Debbie and Pete squabble merrily away as if Knocked Up never ended. After some 14 years of marriage, Debbie and Pete are still hanging in there through the good, the bad and the ugly (the latter include hemorrhoids and rectal exams). But as they both turn 40 in the same eventful week, the sex/money/love/attention issues that test all marriages loom larger than ever.

A sexy opening scene in a shower suddenly turns from hot to hurtful when Pete makes a surprise revelation. Pete will later complain to a pal, “We’re in one of those phases where everything that the other person says annoys the s--t out of each other.”

He and Debbie both run their own companies — he has an indie record company, she has a clothing store — but both firms are hemorrhaging cash.

Their daughters Sadie and Charlotte (Maude and Iris Apatow, the director and Mann’s real-life children) are, at the respective ages of 13 and eight, changing from being precocious into a real handful.

They all live in an implausibly nice house, even by Hollywood movie standards. Both drive fancy cars and the family has enough iMacs, iPods, iPhones and other gizmos to stock a small Apple store.

Yet they’re in danger of losing it all because of chronic overspending and money mismanagement, made worse by Pete’s insistence on lending thousands of dollars at a time to his sponge of a dad (Albert Brooks, funny man).

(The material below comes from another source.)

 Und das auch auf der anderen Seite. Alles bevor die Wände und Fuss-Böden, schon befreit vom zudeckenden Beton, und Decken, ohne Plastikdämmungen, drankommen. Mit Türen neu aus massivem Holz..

Debbie has the opposite problem with her wealthy father (John Lithgow, straight man). He has all the cash he needs, but he’s so aloof and distant, he can’t even remember the names of his granddaughters.

The movie frequently shifts from comic to dramatic and back again, true to Apatow’s whiplash style but also true to life. An acknowledged admirer of James L. Brooks and the late Robert Altman, Apatow shares their penchant for extraneous subplots and unnecessary characters, but the diversions are frequently worth our time — even if the film’s total running time of 134 minutes is a tad indulgent.

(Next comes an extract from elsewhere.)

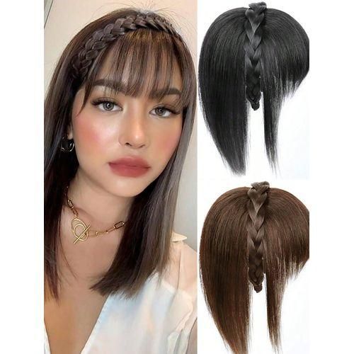 Synthetic Extension Clip In Hairpiece Natural Fake False Fringe Hair Topper Overhead Braids Bangs

Pete’s reckless love of music leads him to sign and promote the reunion of aging New Wave cult rockers Graham Parker and the Rumour, which provides both nostalgia and satiric bite as fandom proves fickle. Parker enjoys sending himself and the music biz up, aided by such Apatow troupers as Chris O’Dowd (Bridesmaids) and Lena Dunham (TV’s Girls).

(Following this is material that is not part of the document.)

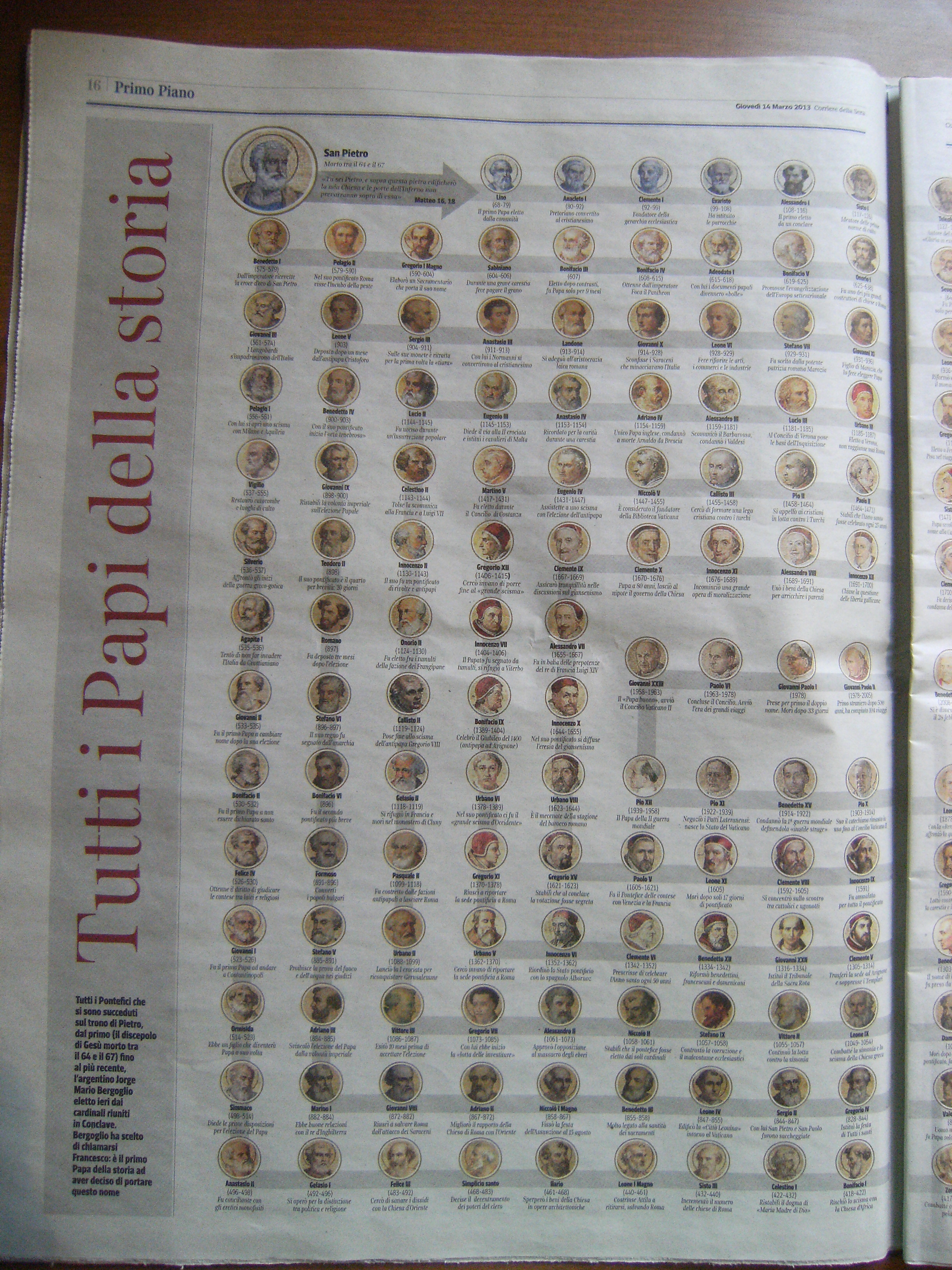 La sorpresa di Francesco prima pagina de Corriere della Sera del 14 marzo 2013, pagina 2, pagina 3 , pagina 5, pagina 6, pagina 8, pagina 9. pagina 10, pagina 11, pagina 12, pagina 13, pagina 15, pagina 16, pagina 17

Debbie’s fear of aging (and bankruptcy) sends her on a wild night out in the company of her saucy and suspect store employee, played by Megan Fox with a hitherto unseen sense of comic timing that goes a long way toward easing her post-Transformers doldrums.

This Is 40 equitably looks at middle age from both sides of the gender divide, but whereas Rudd is reliably good, Mann is really good, even when all those subplots and second characters start to wear.

Watch the quicksilver reactions on her face when she gets unexpected news both happy and daunting. It’s one of many moments when Mann makes This Is 40 more than just another laugher about going middle-aged crazy.

Peter Howell is a syndicated Toronto Star movie critic.